Stored items from a collection
# # # # # # #
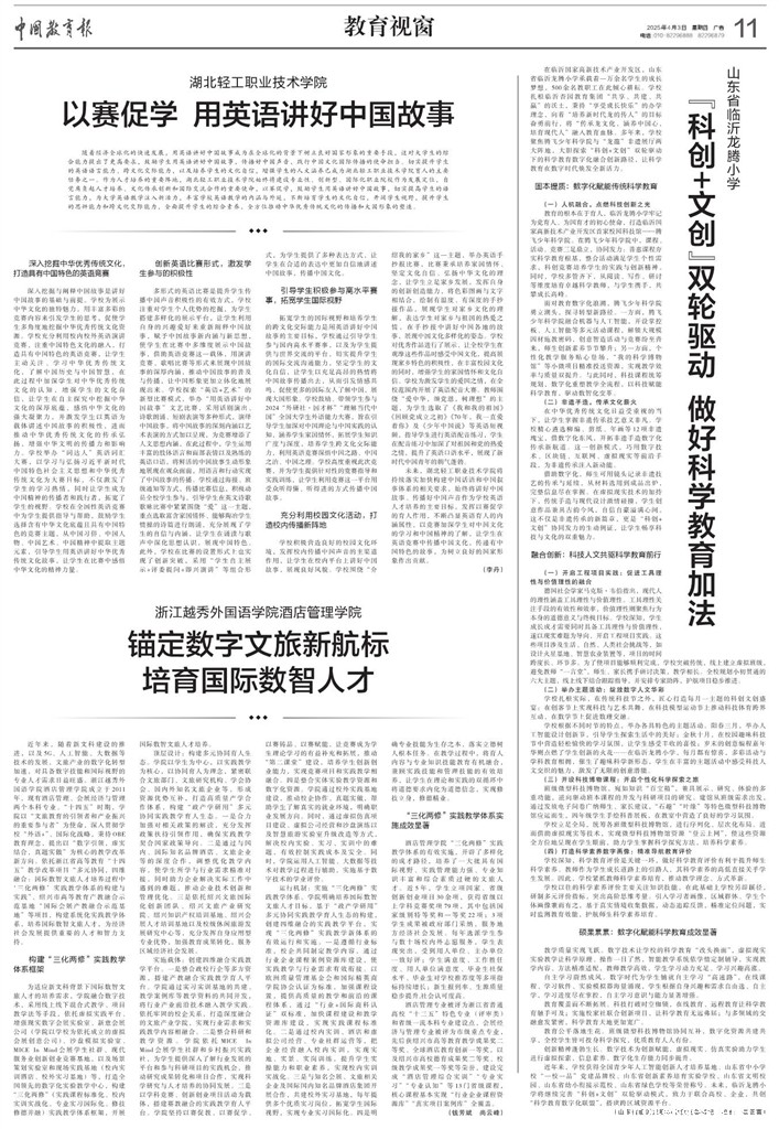 2025年4月3日《中国教育报》第11版刊发了《星空app官方网站登录入口酒店管理学院:锚定数字文旅新航标 培育国际数智人才》,深入报道了我校酒店管理学院通过构建多元协同实践教学育人生态和四维融合的实践教学平台,以“三化两修”实践教学体系为核心,培育国际数智文旅人才,为产业发展提供重要的人才和智力支持,取得了显著成效。全文刊登如下:
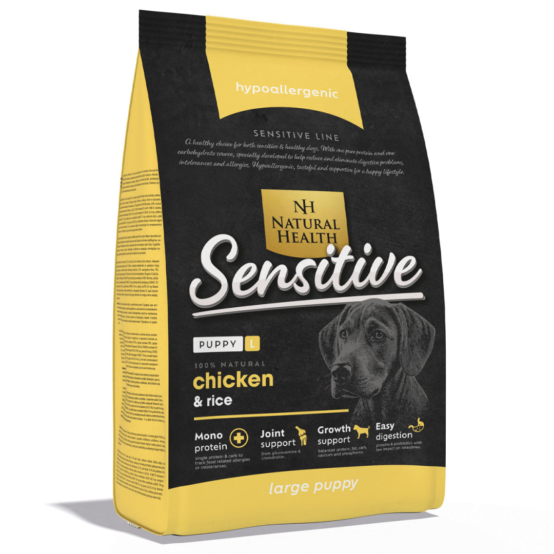 Natural Health Puppy L Sensitive Chicken & Rice is een voeding met slechts één eiwitbron en daarmee uitermate geschikt als hypoallergeen voer of uitsluitdieet.
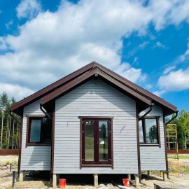 Продается дом в коттеджном посёлке рядом с Кудрово и Петербургом. Каркасный дом 122 м2. 3 спальни, кухня-гостиная, 2 с/у, сауна, терраса, котельная, панорамные окна. Фундамент - монолитная плита (теплый пол), материал стен - сухая строганая доска, крыша - металлочерепица, фасадная...
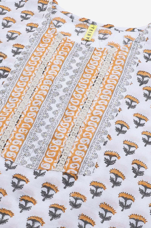 White Cotton Blend Floral Printed Straight Suit Set VKSKD2205
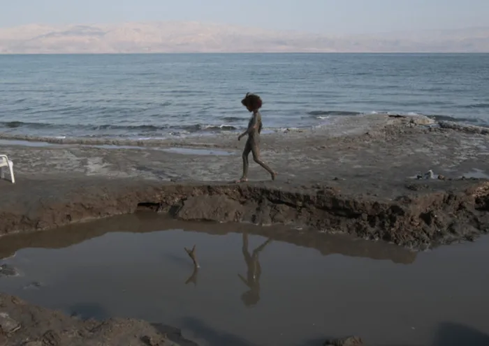 A boy covered with mud walks on the shore of the Dead Sea near the West Bank Jewish settlement of Mitzpe Shalem. A boy covered with mud walks on the shore of the Dead Sea near the West Bank Jewish settlement of Mitzpe Shalem.
# # # # # # #
INSTRUCTIONS FOR THE TASK
Please return the records above exactly as written, dropping every picture.

ANSWER TO THIS TASK
 2025年4月3日《中国教育报》第11版刊发了《星空app官方网站登录入口酒店管理学院:锚定数字文旅新航标 培育国际数智人才》,深入报道了我校酒店管理学院通过构建多元协同实践教学育人生态和四维融合的实践教学平台,以“三化两修”实践教学体系为核心,培育国际数智文旅人才,为产业发展提供重要的人才和智力支持,取得了显著成效。全文刊登如下:
 Natural Health Puppy L Sensitive Chicken & Rice is een voeding met slechts één eiwitbron en daarmee uitermate geschikt als hypoallergeen voer of uitsluitdieet.
 Продается дом в коттеджном посёлке рядом с Кудрово и Петербургом. Каркасный дом 122 м2. 3 спальни, кухня-гостиная, 2 с/у, сауна, терраса, котельная, панорамные окна. Фундамент - монолитная плита (теплый пол), материал стен - сухая строганая доска, крыша - металлочерепица, фасадная...
 White Cotton Blend Floral Printed Straight Suit Set VKSKD2205
 A boy covered with mud walks on the shore of the Dead Sea near the West Bank Jewish settlement of Mitzpe Shalem. A boy covered with mud walks on the shore of the Dead Sea near the West Bank Jewish settlement of Mitzpe Shalem.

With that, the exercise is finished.